◆ EXERCISE
Each line from the opening of the material through the line holding "Tunique type sweat-shirt" needs to be returned exactly, with the pictures left out.

*** DATA ***

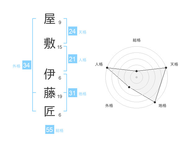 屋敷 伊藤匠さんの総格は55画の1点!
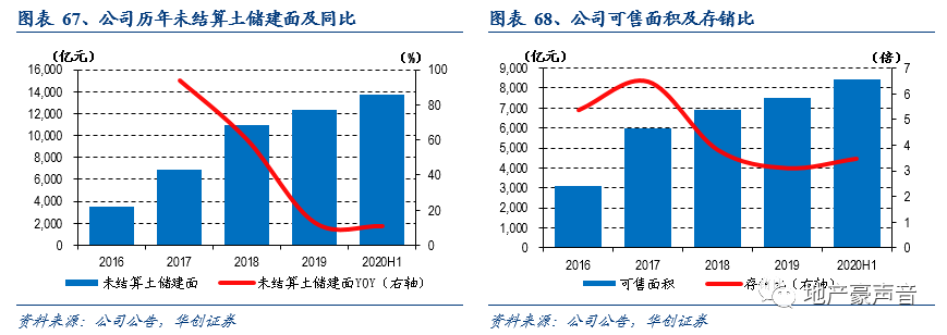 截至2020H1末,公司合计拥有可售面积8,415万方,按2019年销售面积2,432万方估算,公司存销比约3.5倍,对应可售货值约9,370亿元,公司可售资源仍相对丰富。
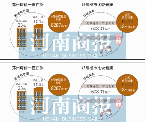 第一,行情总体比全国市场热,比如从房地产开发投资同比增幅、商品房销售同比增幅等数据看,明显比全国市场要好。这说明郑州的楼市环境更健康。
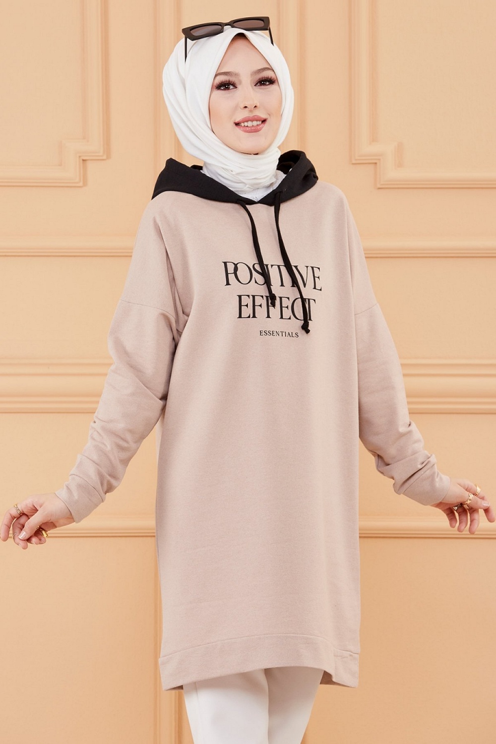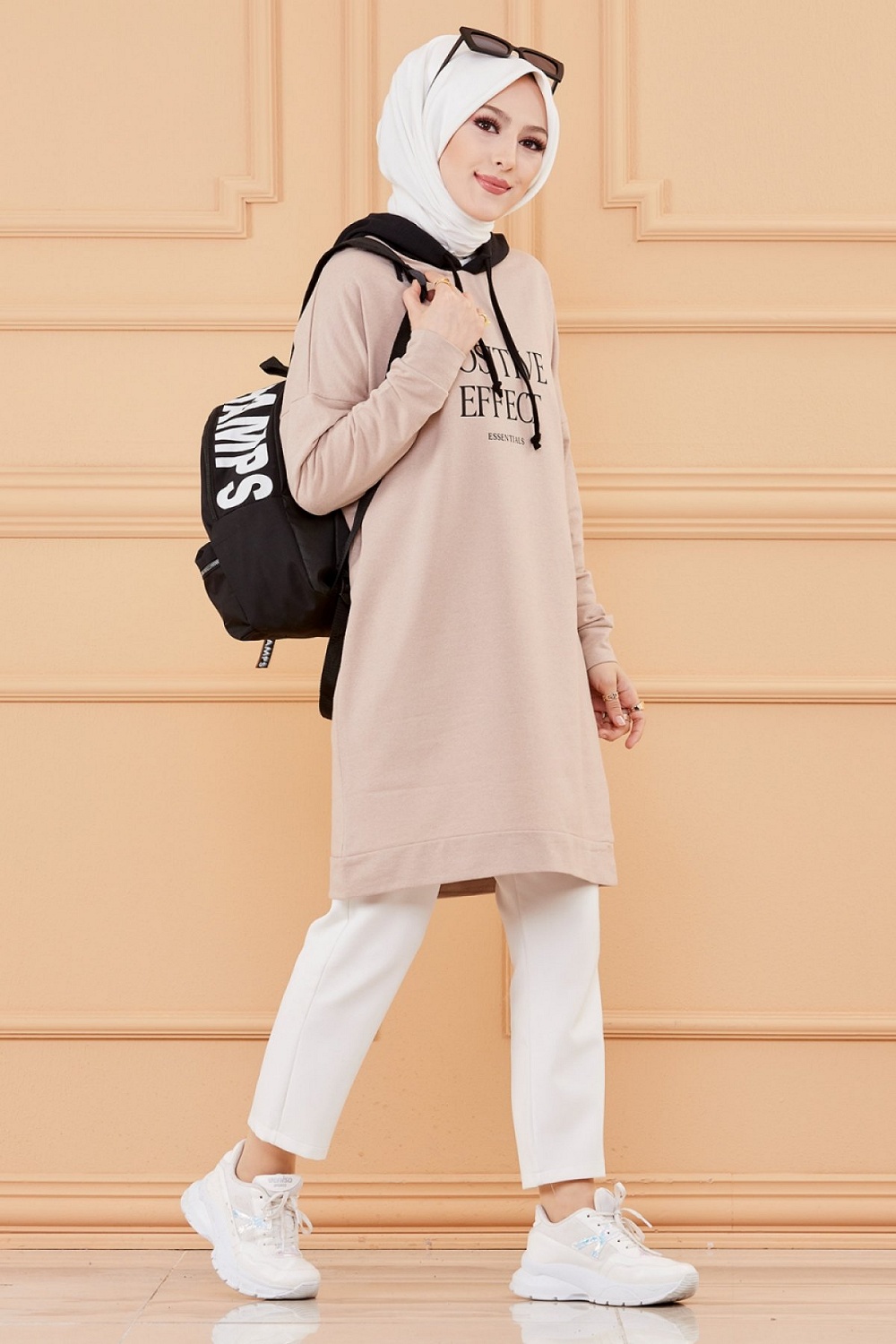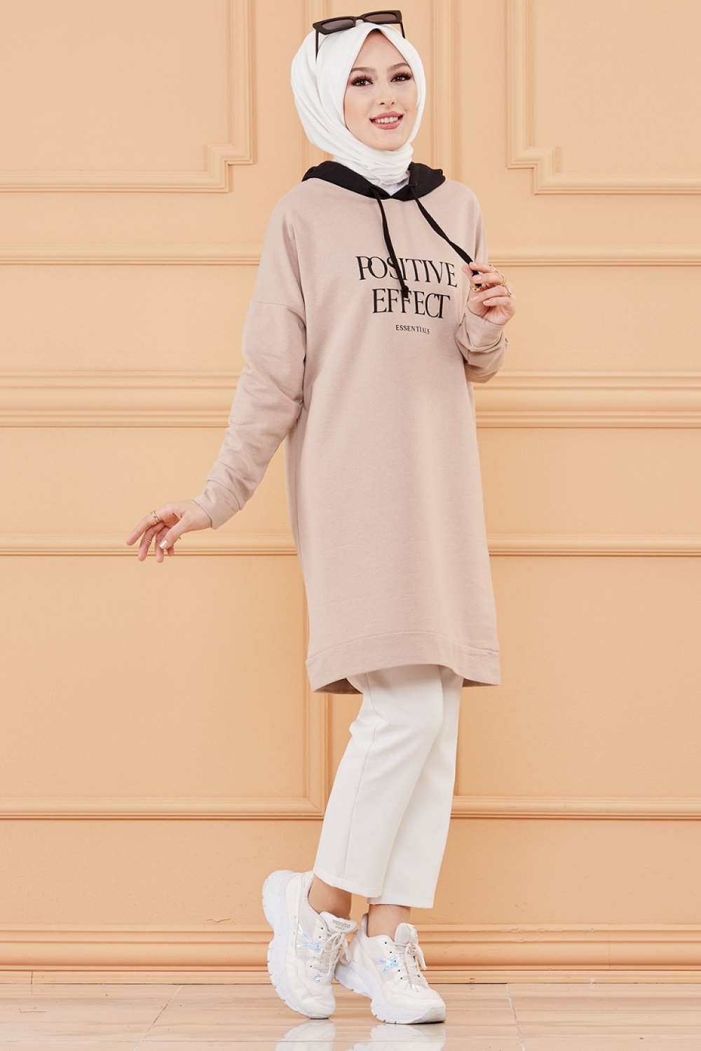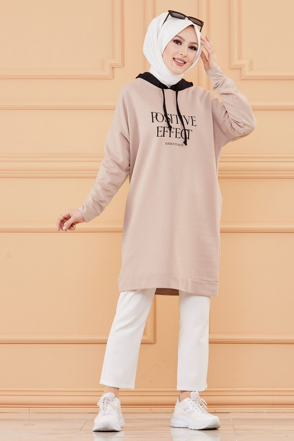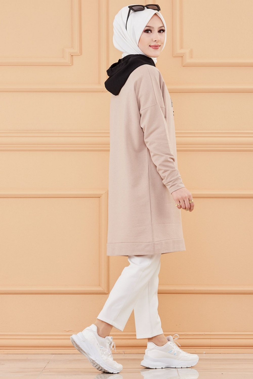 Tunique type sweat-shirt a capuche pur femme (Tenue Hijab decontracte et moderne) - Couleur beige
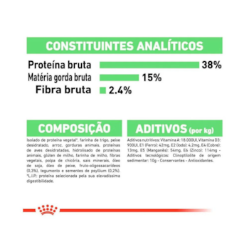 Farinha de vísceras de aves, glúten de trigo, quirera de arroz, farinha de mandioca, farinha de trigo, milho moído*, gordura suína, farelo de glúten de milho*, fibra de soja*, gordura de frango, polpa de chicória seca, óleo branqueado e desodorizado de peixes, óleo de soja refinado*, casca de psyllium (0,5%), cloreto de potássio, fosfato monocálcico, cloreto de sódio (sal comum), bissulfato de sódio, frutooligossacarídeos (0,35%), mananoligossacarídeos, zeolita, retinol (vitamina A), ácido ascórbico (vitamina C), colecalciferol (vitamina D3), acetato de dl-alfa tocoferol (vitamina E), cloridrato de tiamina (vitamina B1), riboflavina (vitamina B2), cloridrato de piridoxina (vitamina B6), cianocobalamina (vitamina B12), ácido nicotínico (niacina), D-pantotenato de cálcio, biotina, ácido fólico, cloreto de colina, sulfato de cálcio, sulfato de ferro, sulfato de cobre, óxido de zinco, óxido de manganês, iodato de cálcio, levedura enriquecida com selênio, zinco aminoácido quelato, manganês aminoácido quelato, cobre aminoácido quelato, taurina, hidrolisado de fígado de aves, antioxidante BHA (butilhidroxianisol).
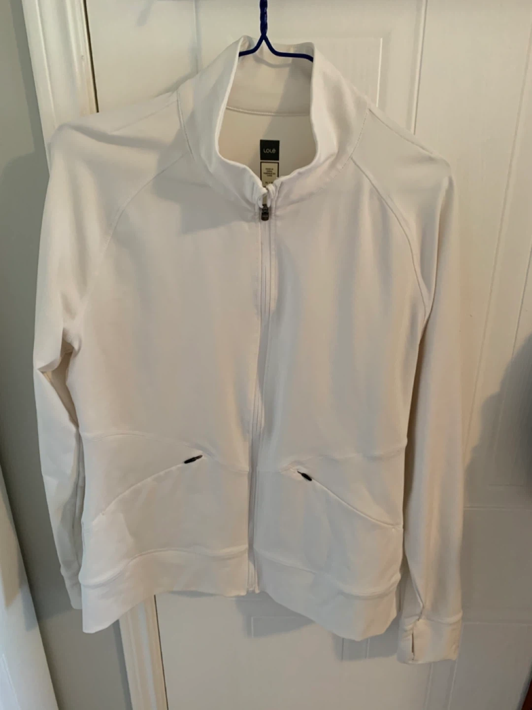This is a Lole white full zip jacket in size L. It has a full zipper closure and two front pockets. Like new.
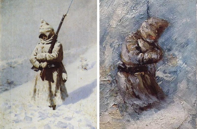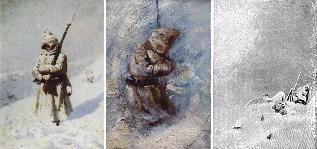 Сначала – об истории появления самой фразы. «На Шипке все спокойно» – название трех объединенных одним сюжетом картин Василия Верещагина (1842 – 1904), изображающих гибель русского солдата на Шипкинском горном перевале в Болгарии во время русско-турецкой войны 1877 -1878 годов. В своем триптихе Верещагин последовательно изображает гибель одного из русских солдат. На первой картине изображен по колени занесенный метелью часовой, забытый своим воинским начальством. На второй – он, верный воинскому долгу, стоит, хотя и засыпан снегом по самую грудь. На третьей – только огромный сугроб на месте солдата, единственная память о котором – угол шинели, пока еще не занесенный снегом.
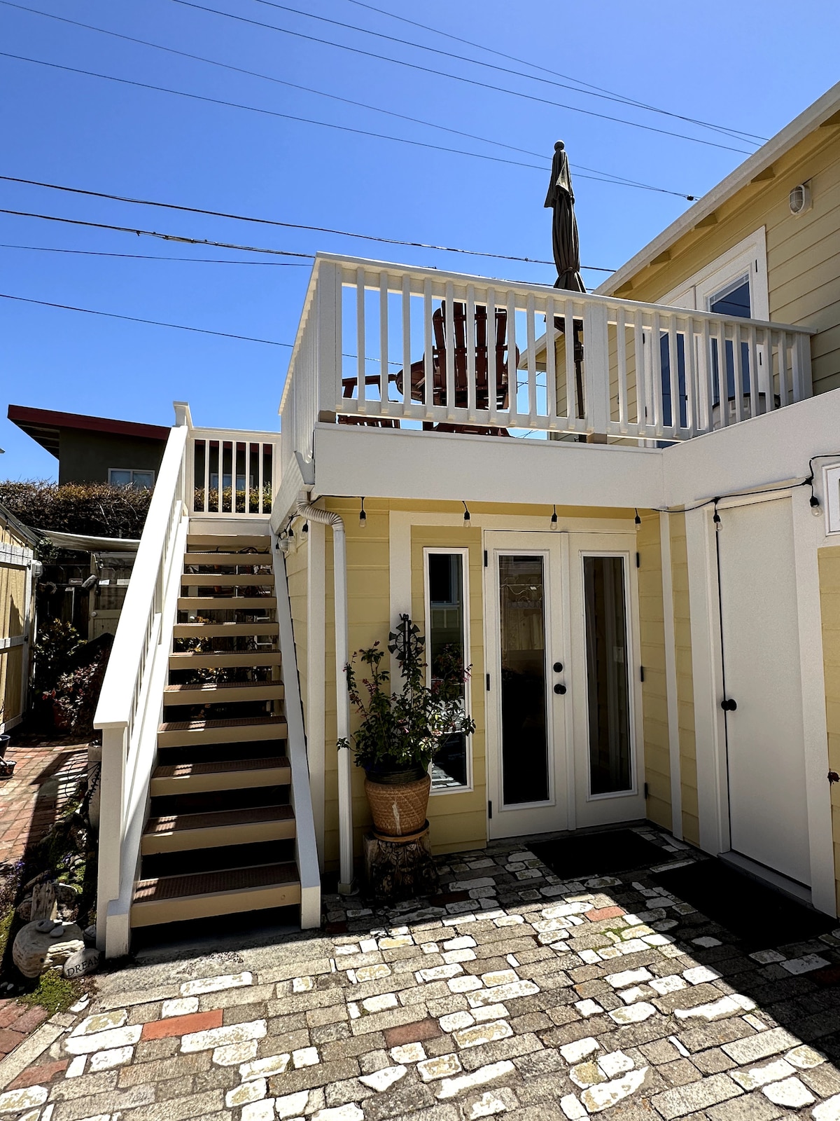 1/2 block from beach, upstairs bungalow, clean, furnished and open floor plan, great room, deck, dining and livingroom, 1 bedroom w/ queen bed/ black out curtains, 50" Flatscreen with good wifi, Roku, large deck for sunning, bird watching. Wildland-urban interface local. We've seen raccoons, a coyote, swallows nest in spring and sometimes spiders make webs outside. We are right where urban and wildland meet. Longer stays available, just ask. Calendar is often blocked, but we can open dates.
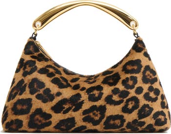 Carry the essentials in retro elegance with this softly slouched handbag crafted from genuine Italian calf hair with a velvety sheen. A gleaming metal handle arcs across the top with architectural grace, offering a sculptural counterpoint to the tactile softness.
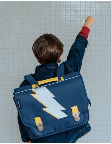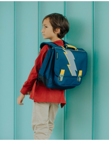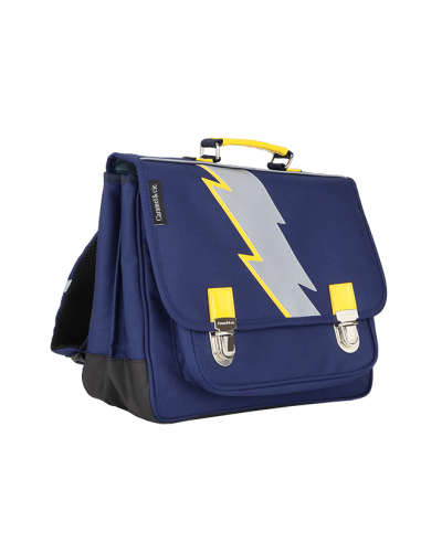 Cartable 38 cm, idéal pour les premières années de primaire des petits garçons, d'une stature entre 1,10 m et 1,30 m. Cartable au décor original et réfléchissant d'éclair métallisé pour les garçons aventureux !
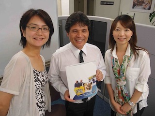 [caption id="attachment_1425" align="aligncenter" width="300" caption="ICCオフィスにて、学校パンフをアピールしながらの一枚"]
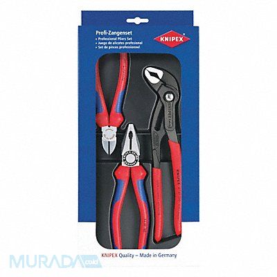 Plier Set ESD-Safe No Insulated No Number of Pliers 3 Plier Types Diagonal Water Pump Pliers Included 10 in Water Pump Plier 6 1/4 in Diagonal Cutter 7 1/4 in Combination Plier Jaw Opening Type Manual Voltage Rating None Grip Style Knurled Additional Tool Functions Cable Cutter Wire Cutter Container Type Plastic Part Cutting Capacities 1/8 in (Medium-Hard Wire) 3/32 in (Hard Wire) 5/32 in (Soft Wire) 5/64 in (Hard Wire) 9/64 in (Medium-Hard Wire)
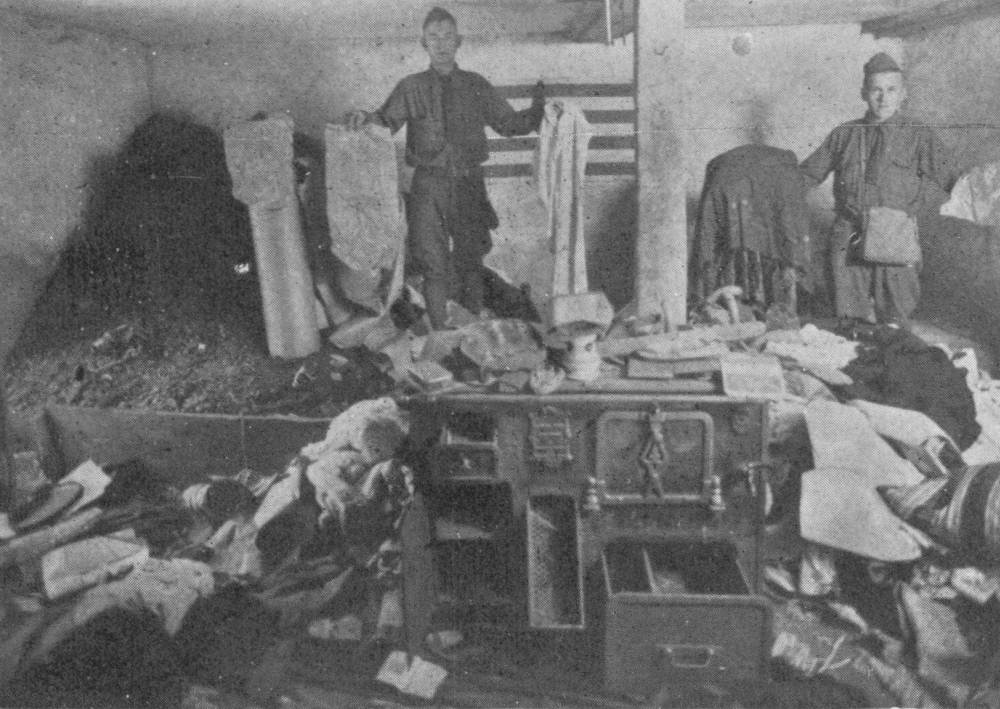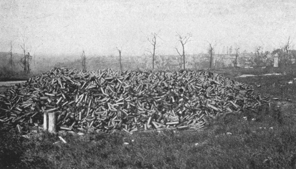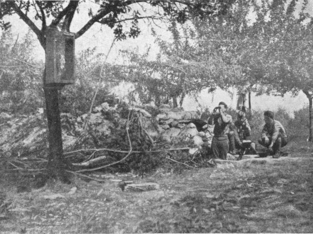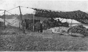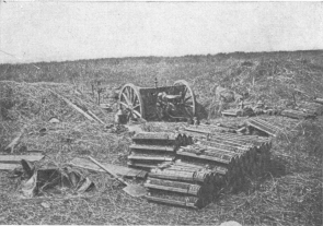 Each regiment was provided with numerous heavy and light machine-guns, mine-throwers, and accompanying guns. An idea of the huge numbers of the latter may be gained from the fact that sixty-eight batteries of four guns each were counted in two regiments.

***

◆ RESPONSE AREA
 屋敷 伊藤匠さんの総格は55画の1点!
 截至2020H1末,公司合计拥有可售面积8,415万方,按2019年销售面积2,432万方估算,公司存销比约3.5倍,对应可售货值约9,370亿元,公司可售资源仍相对丰富。
 第一,行情总体比全国市场热,比如从房地产开发投资同比增幅、商品房销售同比增幅等数据看,明显比全国市场要好。这说明郑州的楼市环境更健康。
 Tunique type sweat-shirt a capuche pur femme (Tenue Hijab decontracte et moderne) - Couleur beige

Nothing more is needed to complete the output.